= TASK MATERIAL =
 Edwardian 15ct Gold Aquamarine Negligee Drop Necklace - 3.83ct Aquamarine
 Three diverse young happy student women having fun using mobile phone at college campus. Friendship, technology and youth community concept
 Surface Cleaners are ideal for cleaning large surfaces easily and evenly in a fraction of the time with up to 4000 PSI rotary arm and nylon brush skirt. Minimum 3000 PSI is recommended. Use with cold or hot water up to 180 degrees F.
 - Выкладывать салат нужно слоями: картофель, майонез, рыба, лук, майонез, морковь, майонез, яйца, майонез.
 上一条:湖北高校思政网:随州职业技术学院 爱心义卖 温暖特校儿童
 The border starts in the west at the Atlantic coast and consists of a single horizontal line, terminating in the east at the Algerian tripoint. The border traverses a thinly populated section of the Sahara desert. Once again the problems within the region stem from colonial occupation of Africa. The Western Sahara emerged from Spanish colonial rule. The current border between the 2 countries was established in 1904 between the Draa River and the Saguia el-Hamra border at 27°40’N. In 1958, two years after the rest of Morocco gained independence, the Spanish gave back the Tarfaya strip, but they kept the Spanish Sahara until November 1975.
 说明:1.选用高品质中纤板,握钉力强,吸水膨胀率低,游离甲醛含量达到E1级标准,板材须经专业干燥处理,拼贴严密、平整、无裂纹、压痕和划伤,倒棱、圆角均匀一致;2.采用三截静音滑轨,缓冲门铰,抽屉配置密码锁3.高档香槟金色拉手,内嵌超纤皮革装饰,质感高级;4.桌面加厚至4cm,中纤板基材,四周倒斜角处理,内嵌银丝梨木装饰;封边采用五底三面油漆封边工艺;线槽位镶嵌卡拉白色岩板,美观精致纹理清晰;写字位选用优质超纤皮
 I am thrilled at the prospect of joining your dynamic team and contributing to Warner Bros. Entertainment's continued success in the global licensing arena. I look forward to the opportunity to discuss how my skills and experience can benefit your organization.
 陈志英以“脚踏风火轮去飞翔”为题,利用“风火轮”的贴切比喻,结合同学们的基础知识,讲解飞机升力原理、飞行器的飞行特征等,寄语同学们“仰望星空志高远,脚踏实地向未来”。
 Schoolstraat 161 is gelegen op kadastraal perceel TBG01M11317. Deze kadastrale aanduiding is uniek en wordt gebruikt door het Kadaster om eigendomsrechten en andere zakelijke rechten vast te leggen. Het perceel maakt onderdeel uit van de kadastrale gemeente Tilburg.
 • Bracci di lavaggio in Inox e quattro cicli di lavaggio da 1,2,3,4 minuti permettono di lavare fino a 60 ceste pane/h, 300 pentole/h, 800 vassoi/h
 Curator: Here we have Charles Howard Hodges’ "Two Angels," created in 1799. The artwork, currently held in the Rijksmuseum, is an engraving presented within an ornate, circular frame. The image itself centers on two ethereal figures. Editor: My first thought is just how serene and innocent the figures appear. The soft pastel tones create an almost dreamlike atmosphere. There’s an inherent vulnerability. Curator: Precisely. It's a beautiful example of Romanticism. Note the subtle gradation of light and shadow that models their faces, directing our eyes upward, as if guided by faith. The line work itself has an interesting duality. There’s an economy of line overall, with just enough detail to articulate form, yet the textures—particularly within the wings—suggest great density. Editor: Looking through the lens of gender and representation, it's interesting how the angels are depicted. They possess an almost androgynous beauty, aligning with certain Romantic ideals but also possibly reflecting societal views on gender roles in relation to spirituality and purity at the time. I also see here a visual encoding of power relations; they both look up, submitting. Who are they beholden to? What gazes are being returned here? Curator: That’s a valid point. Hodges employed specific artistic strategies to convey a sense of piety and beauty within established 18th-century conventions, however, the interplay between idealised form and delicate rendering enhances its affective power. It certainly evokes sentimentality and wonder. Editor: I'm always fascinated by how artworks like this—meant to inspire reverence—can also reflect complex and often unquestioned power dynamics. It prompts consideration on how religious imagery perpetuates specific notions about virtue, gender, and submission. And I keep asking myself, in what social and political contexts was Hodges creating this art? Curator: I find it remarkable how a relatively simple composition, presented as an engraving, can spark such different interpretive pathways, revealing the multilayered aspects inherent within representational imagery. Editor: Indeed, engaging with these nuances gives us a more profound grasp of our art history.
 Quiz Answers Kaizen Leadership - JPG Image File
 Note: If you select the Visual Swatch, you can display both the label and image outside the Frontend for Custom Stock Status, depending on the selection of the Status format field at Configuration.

= TASK PROMPT =
Please return all of the entries shown above, exactly as they stand.

= RESPONSE AREA =
 Edwardian 15ct Gold Aquamarine Negligee Drop Necklace - 3.83ct Aquamarine
 Three diverse young happy student women having fun using mobile phone at college campus. Friendship, technology and youth community concept
 Surface Cleaners are ideal for cleaning large surfaces easily and evenly in a fraction of the time with up to 4000 PSI rotary arm and nylon brush skirt. Minimum 3000 PSI is recommended. Use with cold or hot water up to 180 degrees F.
 - Выкладывать салат нужно слоями: картофель, майонез, рыба, лук, майонез, морковь, майонез, яйца, майонез.
 上一条:湖北高校思政网:随州职业技术学院 爱心义卖 温暖特校儿童
 The border starts in the west at the Atlantic coast and consists of a single horizontal line, terminating in the east at the Algerian tripoint. The border traverses a thinly populated section of the Sahara desert. Once again the problems within the region stem from colonial occupation of Africa. The Western Sahara emerged from Spanish colonial rule. The current border between the 2 countries was established in 1904 between the Draa River and the Saguia el-Hamra border at 27°40’N. In 1958, two years after the rest of Morocco gained independence, the Spanish gave back the Tarfaya strip, but they kept the Spanish Sahara until November 1975.
 说明:1.选用高品质中纤板,握钉力强,吸水膨胀率低,游离甲醛含量达到E1级标准,板材须经专业干燥处理,拼贴严密、平整、无裂纹、压痕和划伤,倒棱、圆角均匀一致;2.采用三截静音滑轨,缓冲门铰,抽屉配置密码锁3.高档香槟金色拉手,内嵌超纤皮革装饰,质感高级;4.桌面加厚至4cm,中纤板基材,四周倒斜角处理,内嵌银丝梨木装饰;封边采用五底三面油漆封边工艺;线槽位镶嵌卡拉白色岩板,美观精致纹理清晰;写字位选用优质超纤皮
 I am thrilled at the prospect of joining your dynamic team and contributing to Warner Bros. Entertainment's continued success in the global licensing arena. I look forward to the opportunity to discuss how my skills and experience can benefit your organization.
 陈志英以“脚踏风火轮去飞翔”为题,利用“风火轮”的贴切比喻,结合同学们的基础知识,讲解飞机升力原理、飞行器的飞行特征等,寄语同学们“仰望星空志高远,脚踏实地向未来”。
 Schoolstraat 161 is gelegen op kadastraal perceel TBG01M11317. Deze kadastrale aanduiding is uniek en wordt gebruikt door het Kadaster om eigendomsrechten en andere zakelijke rechten vast te leggen. Het perceel maakt onderdeel uit van de kadastrale gemeente Tilburg.
 • Bracci di lavaggio in Inox e quattro cicli di lavaggio da 1,2,3,4 minuti permettono di lavare fino a 60 ceste pane/h, 300 pentole/h, 800 vassoi/h
 Curator: Here we have Charles Howard Hodges’ "Two Angels," created in 1799. The artwork, currently held in the Rijksmuseum, is an engraving presented within an ornate, circular frame. The image itself centers on two ethereal figures. Editor: My first thought is just how serene and innocent the figures appear. The soft pastel tones create an almost dreamlike atmosphere. There’s an inherent vulnerability. Curator: Precisely. It's a beautiful example of Romanticism. Note the subtle gradation of light and shadow that models their faces, directing our eyes upward, as if guided by faith. The line work itself has an interesting duality. There’s an economy of line overall, with just enough detail to articulate form, yet the textures—particularly within the wings—suggest great density. Editor: Looking through the lens of gender and representation, it's interesting how the angels are depicted. They possess an almost androgynous beauty, aligning with certain Romantic ideals but also possibly reflecting societal views on gender roles in relation to spirituality and purity at the time. I also see here a visual encoding of power relations; they both look up, submitting. Who are they beholden to? What gazes are being returned here? Curator: That’s a valid point. Hodges employed specific artistic strategies to convey a sense of piety and beauty within established 18th-century conventions, however, the interplay between idealised form and delicate rendering enhances its affective power. It certainly evokes sentimentality and wonder. Editor: I'm always fascinated by how artworks like this—meant to inspire reverence—can also reflect complex and often unquestioned power dynamics. It prompts consideration on how religious imagery perpetuates specific notions about virtue, gender, and submission. And I keep asking myself, in what social and political contexts was Hodges creating this art? Curator: I find it remarkable how a relatively simple composition, presented as an engraving, can spark such different interpretive pathways, revealing the multilayered aspects inherent within representational imagery. Editor: Indeed, engaging with these nuances gives us a more profound grasp of our art history.
 Quiz Answers Kaizen Leadership - JPG Image File
 Note: If you select the Visual Swatch, you can display both the label and image outside the Frontend for Custom Stock Status, depending on the selection of the Status format field at Configuration.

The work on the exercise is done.